_Exercise prompt_: Among the entries below, which lines run from the line with "ビーズが不規則に見えるように" through the line with "Lot de bracelets"? Retype those, both ends included, exactly and without pictures.

_Data section_:

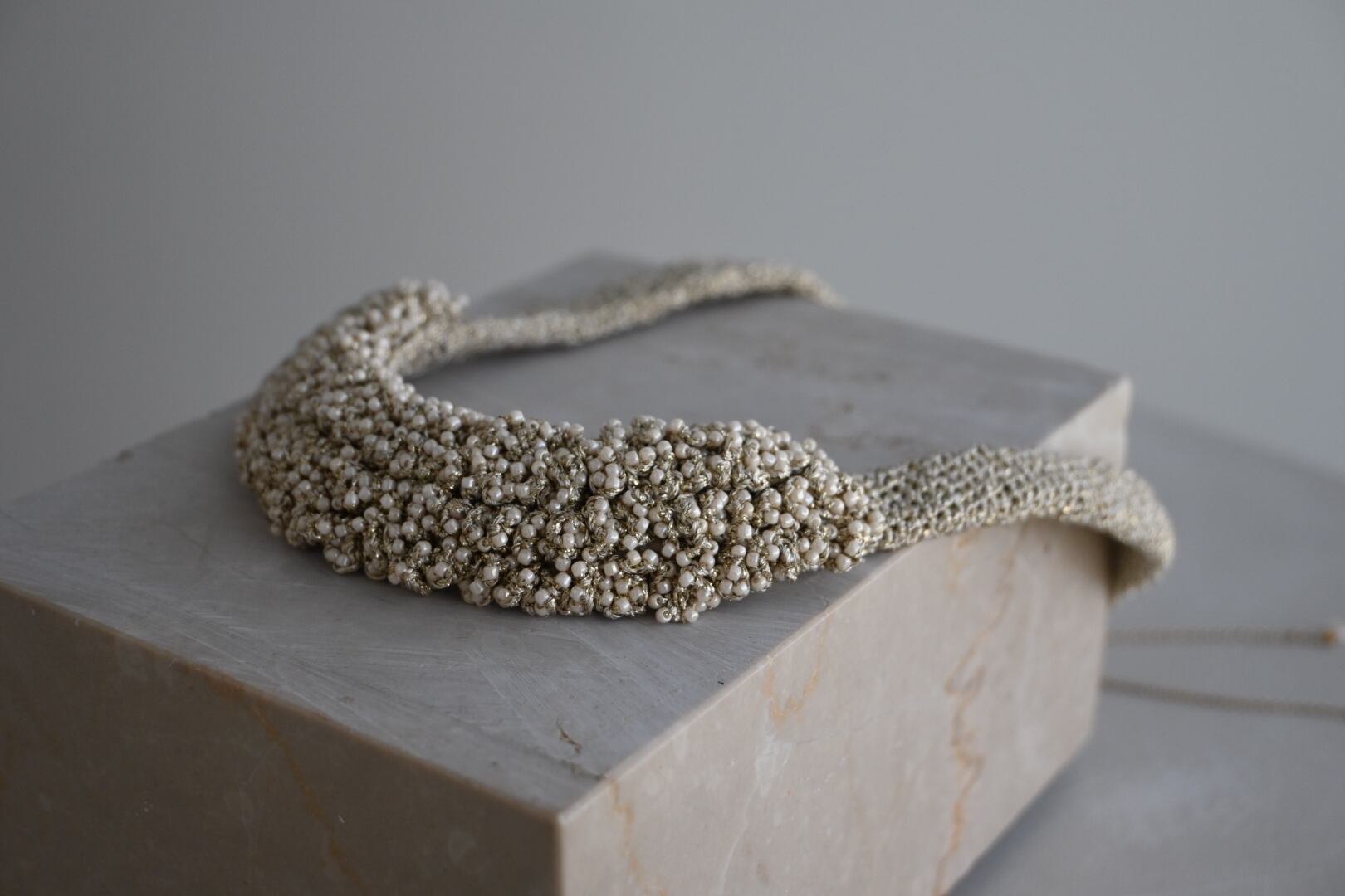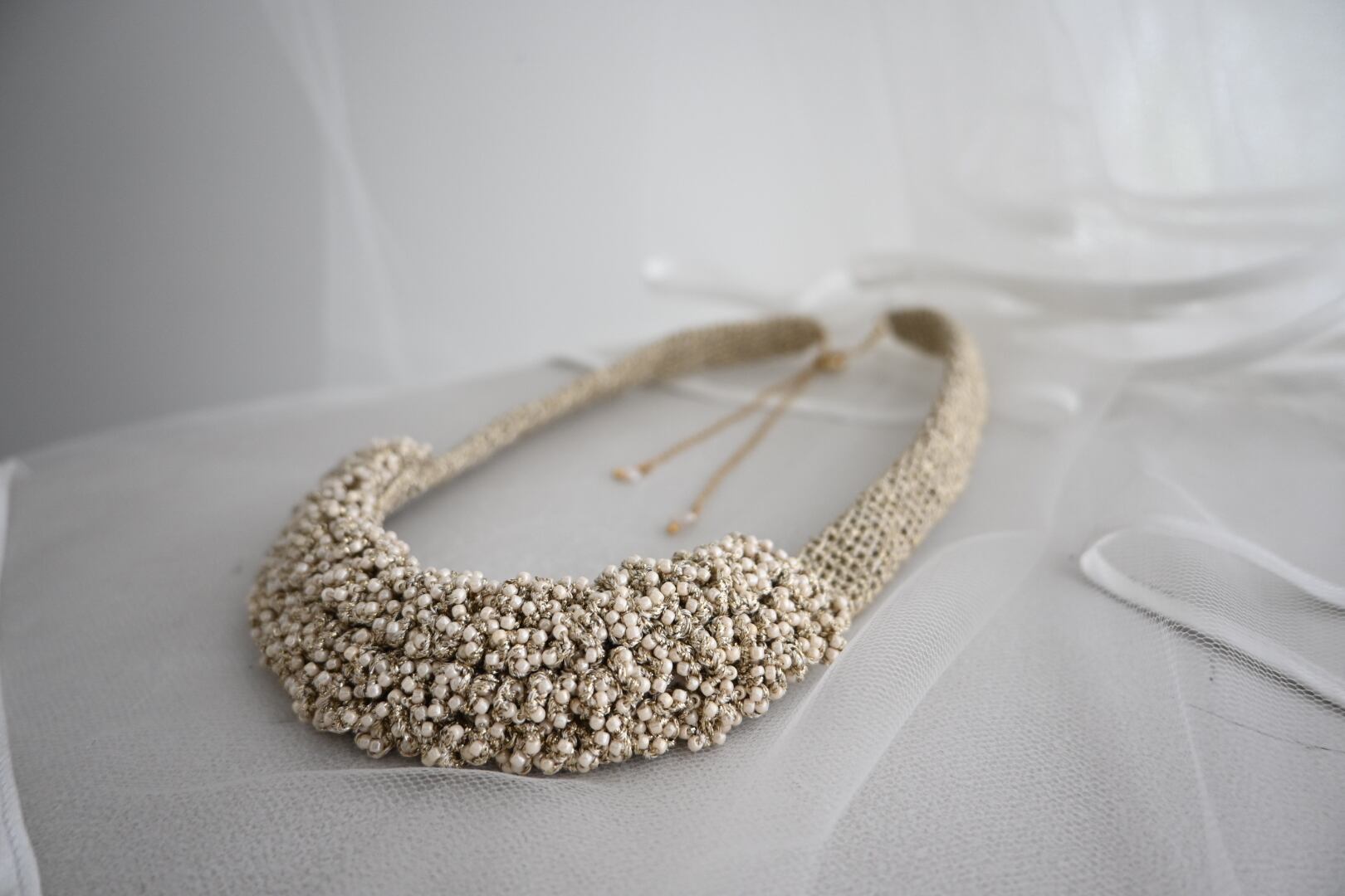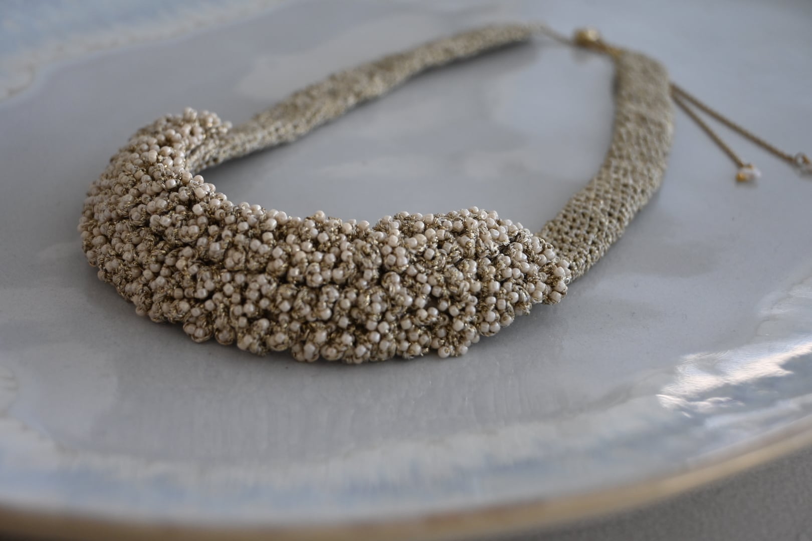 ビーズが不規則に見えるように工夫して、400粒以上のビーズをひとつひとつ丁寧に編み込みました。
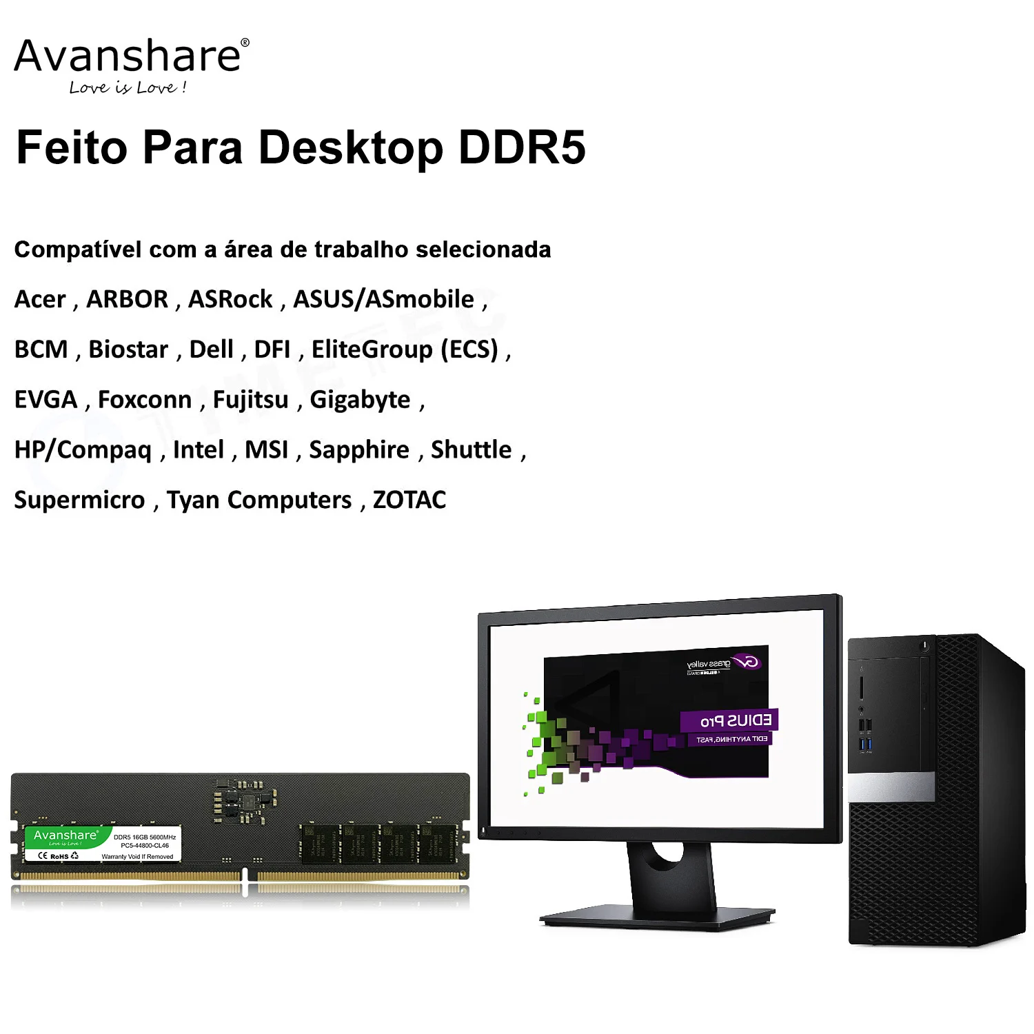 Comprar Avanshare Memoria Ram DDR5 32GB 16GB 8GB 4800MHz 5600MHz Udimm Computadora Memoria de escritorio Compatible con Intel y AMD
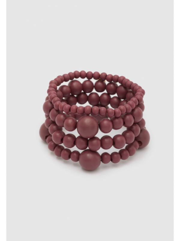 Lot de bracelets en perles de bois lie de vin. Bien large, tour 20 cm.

* * *

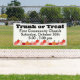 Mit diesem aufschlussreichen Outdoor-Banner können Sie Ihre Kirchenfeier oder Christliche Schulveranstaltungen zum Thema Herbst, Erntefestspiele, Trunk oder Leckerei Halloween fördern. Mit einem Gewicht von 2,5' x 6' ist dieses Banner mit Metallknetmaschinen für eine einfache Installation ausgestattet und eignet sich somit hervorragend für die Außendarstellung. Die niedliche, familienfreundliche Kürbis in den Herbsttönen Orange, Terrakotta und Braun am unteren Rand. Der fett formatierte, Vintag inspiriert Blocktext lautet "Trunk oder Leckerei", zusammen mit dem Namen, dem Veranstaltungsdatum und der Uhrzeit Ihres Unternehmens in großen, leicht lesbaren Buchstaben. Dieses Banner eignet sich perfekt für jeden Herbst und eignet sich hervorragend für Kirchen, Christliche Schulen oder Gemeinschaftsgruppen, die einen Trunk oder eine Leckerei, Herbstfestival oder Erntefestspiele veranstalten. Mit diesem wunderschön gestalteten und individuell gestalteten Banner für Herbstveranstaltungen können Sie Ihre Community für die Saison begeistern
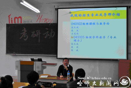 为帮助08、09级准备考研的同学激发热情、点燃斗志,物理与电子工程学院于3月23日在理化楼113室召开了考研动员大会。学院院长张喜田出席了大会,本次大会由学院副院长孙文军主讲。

==

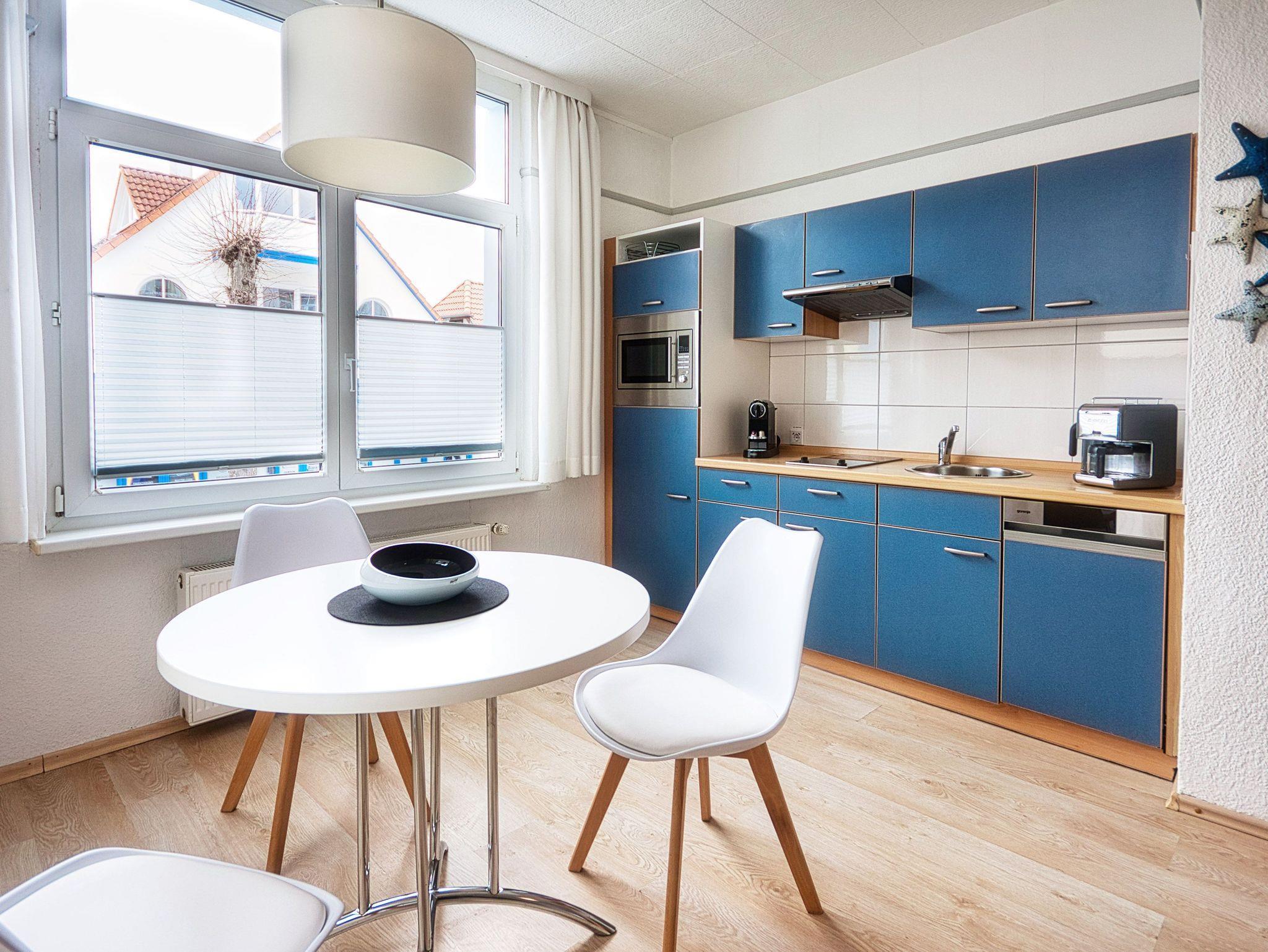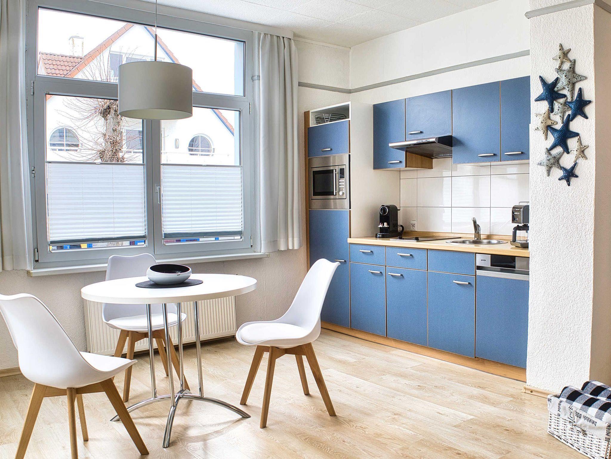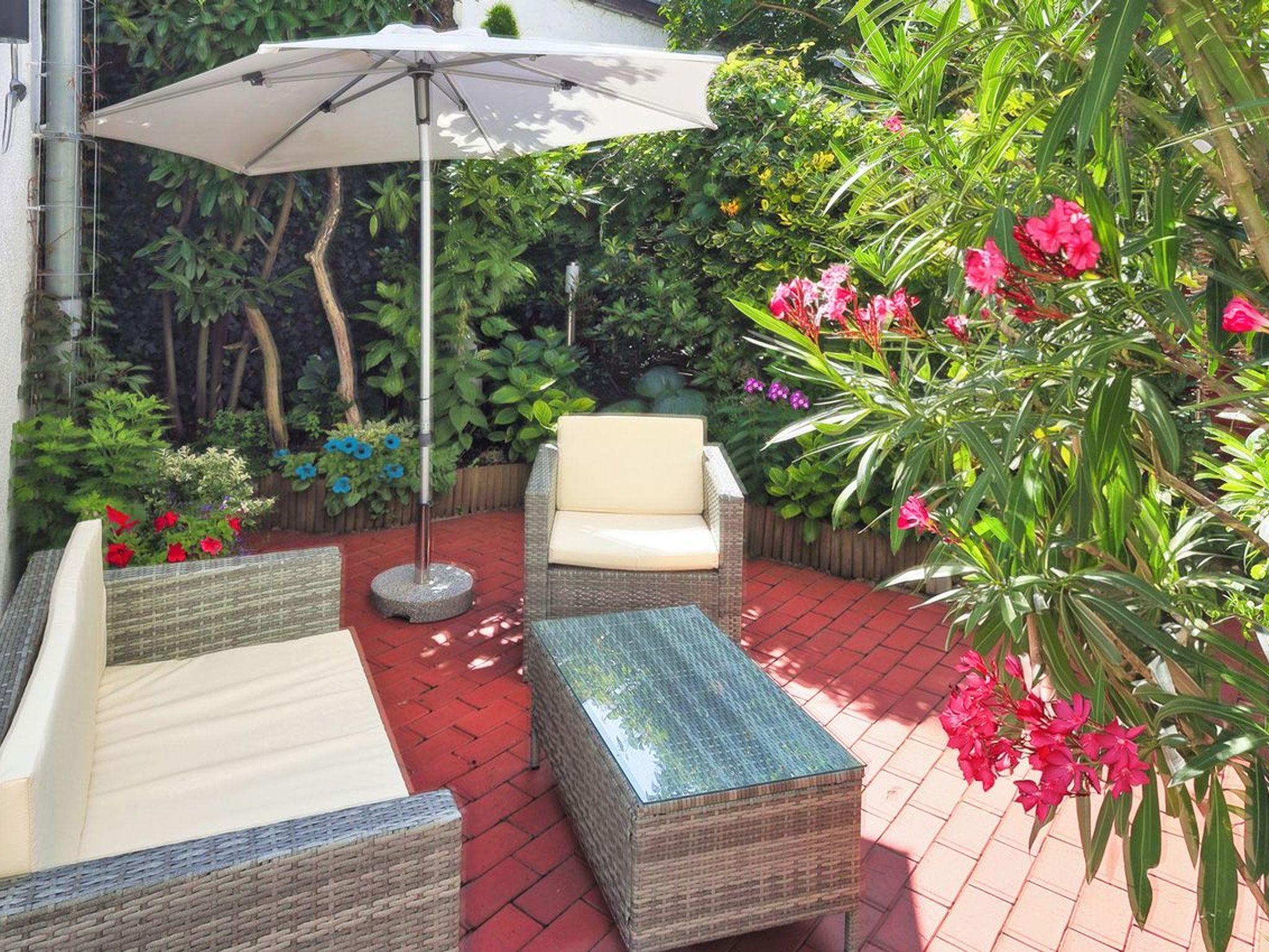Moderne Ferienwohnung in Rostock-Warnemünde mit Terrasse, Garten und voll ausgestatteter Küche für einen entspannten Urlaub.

_Exercise output_:
 ビーズが不規則に見えるように工夫して、400粒以上のビーズをひとつひとつ丁寧に編み込みました。
 Comprar Avanshare Memoria Ram DDR5 32GB 16GB 8GB 4800MHz 5600MHz Udimm Computadora Memoria de escritorio Compatible con Intel y AMD
 Lot de bracelets en perles de bois lie de vin. Bien large, tour 20 cm.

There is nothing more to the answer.